## Task input
####################

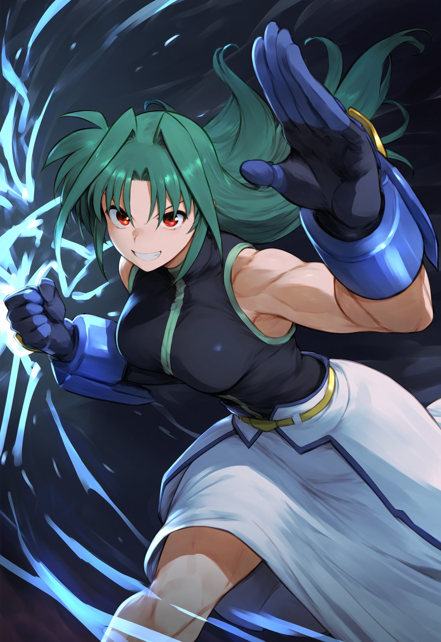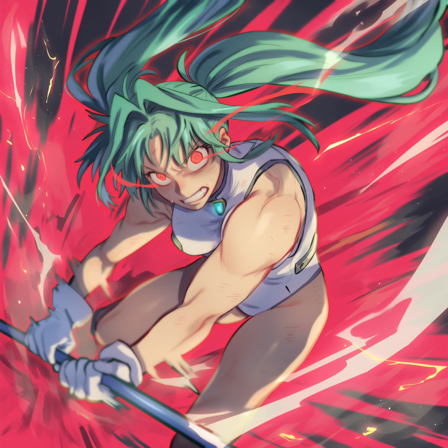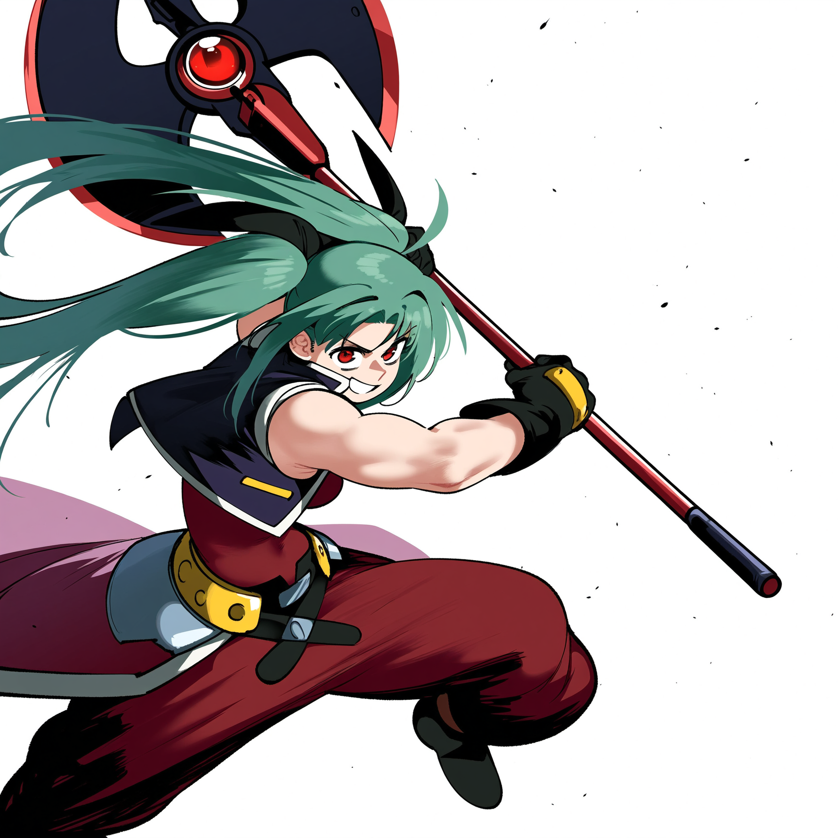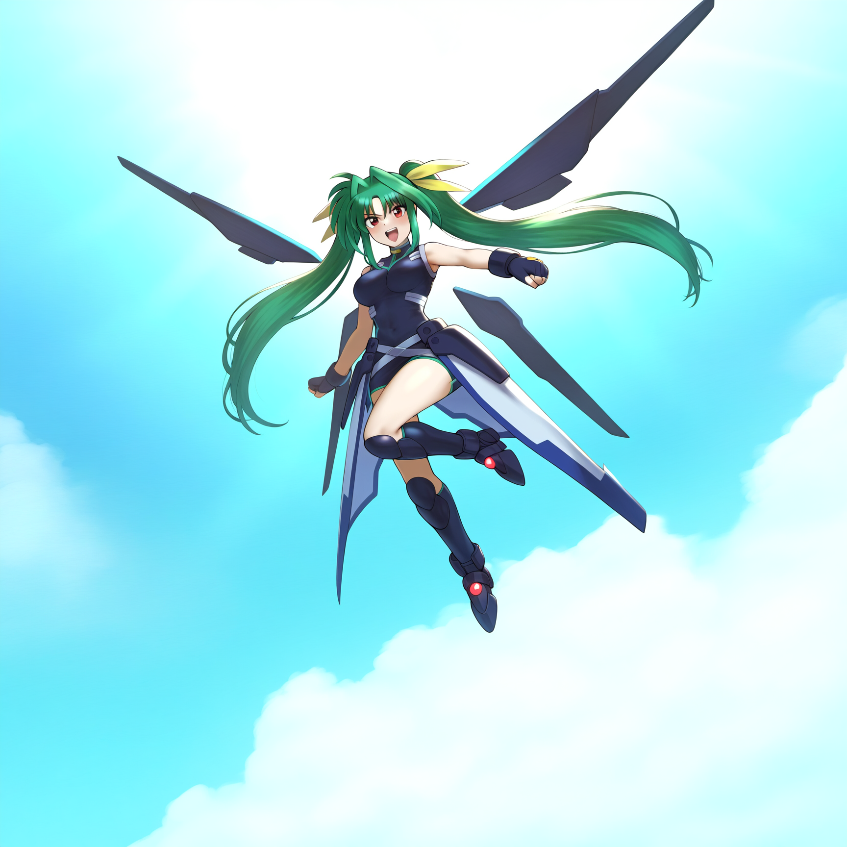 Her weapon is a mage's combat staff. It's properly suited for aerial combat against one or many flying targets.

####################

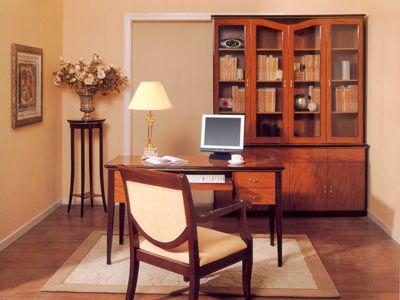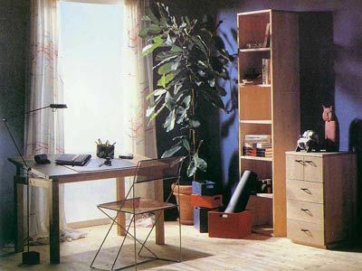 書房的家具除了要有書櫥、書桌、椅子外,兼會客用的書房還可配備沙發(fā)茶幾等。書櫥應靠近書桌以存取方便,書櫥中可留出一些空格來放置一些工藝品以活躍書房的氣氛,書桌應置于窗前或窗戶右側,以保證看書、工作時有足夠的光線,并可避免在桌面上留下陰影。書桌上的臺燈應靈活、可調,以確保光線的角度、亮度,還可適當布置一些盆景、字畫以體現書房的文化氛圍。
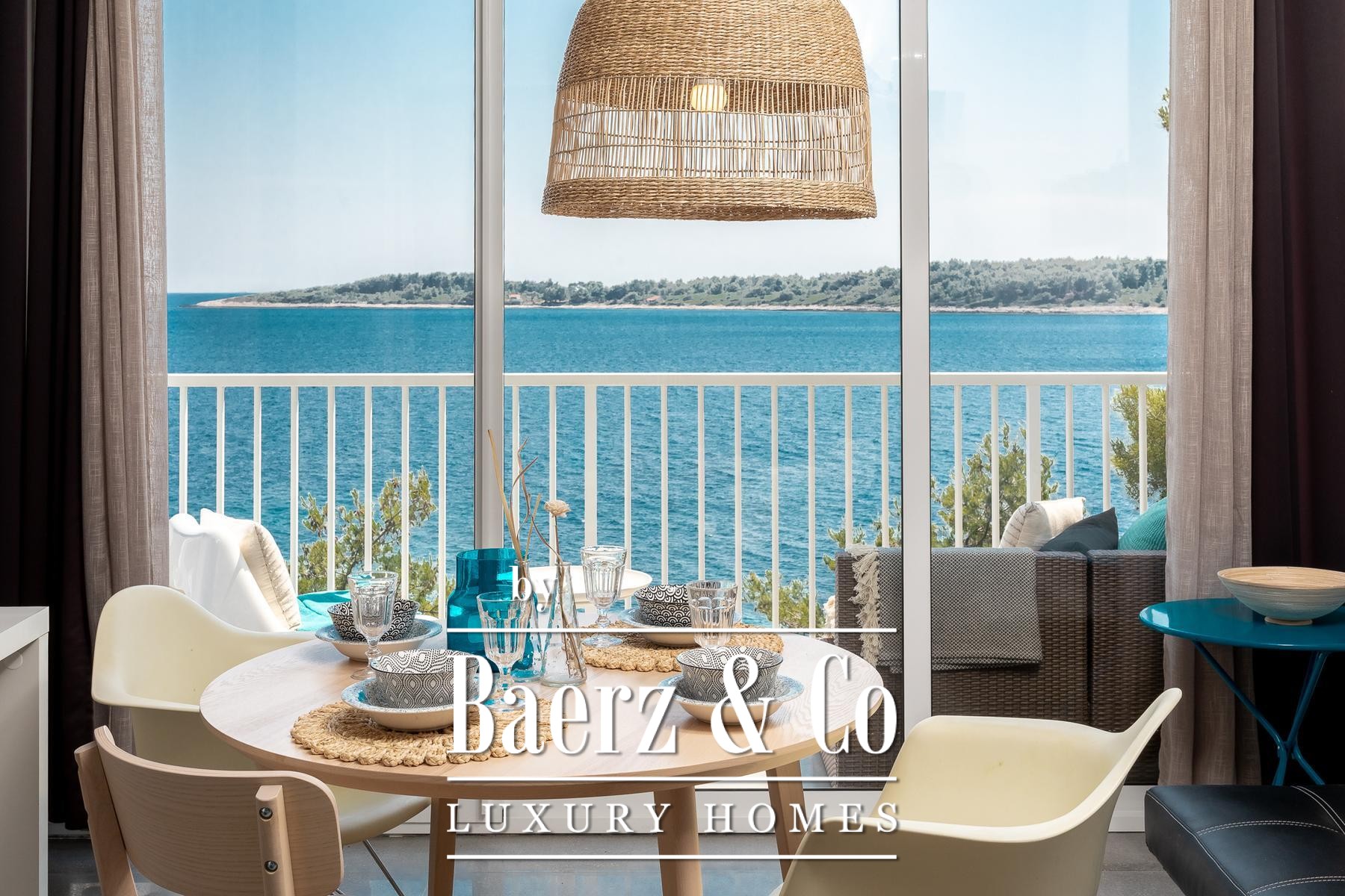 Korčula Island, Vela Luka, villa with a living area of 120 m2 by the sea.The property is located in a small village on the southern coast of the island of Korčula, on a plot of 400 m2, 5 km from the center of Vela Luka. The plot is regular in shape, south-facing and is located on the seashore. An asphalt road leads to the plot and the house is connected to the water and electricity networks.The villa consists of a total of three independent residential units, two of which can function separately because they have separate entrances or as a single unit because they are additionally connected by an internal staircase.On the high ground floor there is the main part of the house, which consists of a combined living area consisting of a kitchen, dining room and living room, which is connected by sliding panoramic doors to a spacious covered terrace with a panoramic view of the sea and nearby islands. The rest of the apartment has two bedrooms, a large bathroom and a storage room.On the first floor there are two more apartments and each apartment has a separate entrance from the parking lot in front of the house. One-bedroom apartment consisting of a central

####################

## Task item
Repeat, without pictures, exactly the lines of the data above from the one containing "書房的家具除了要有書櫥、書桌" through the one containing "Korčula Island, Vela", including both and adding nothing.

## Exercise solution
 書房的家具除了要有書櫥、書桌、椅子外,兼會客用的書房還可配備沙發(fā)茶幾等。書櫥應靠近書桌以存取方便,書櫥中可留出一些空格來放置一些工藝品以活躍書房的氣氛,書桌應置于窗前或窗戶右側,以保證看書、工作時有足夠的光線,并可避免在桌面上留下陰影。書桌上的臺燈應靈活、可調,以確保光線的角度、亮度,還可適當布置一些盆景、字畫以體現書房的文化氛圍。
 Korčula Island, Vela Luka, villa with a living area of 120 m2 by the sea.The property is located in a small village on the southern coast of the island of Korčula, on a plot of 400 m2, 5 km from the center of Vela Luka. The plot is regular in shape, south-facing and is located on the seashore. An asphalt road leads to the plot and the house is connected to the water and electricity networks.The villa consists of a total of three independent residential units, two of which can function separately because they have separate entrances or as a single unit because they are additionally connected by an internal staircase.On the high ground floor there is the main part of the house, which consists of a combined living area consisting of a kitchen, dining room and living room, which is connected by sliding panoramic doors to a spacious covered terrace with a panoramic view of the sea and nearby islands. The rest of the apartment has two bedrooms, a large bathroom and a storage room.On the first floor there are two more apartments and each apartment has a separate entrance from the parking lot in front of the house. One-bedroom apartment consisting of a central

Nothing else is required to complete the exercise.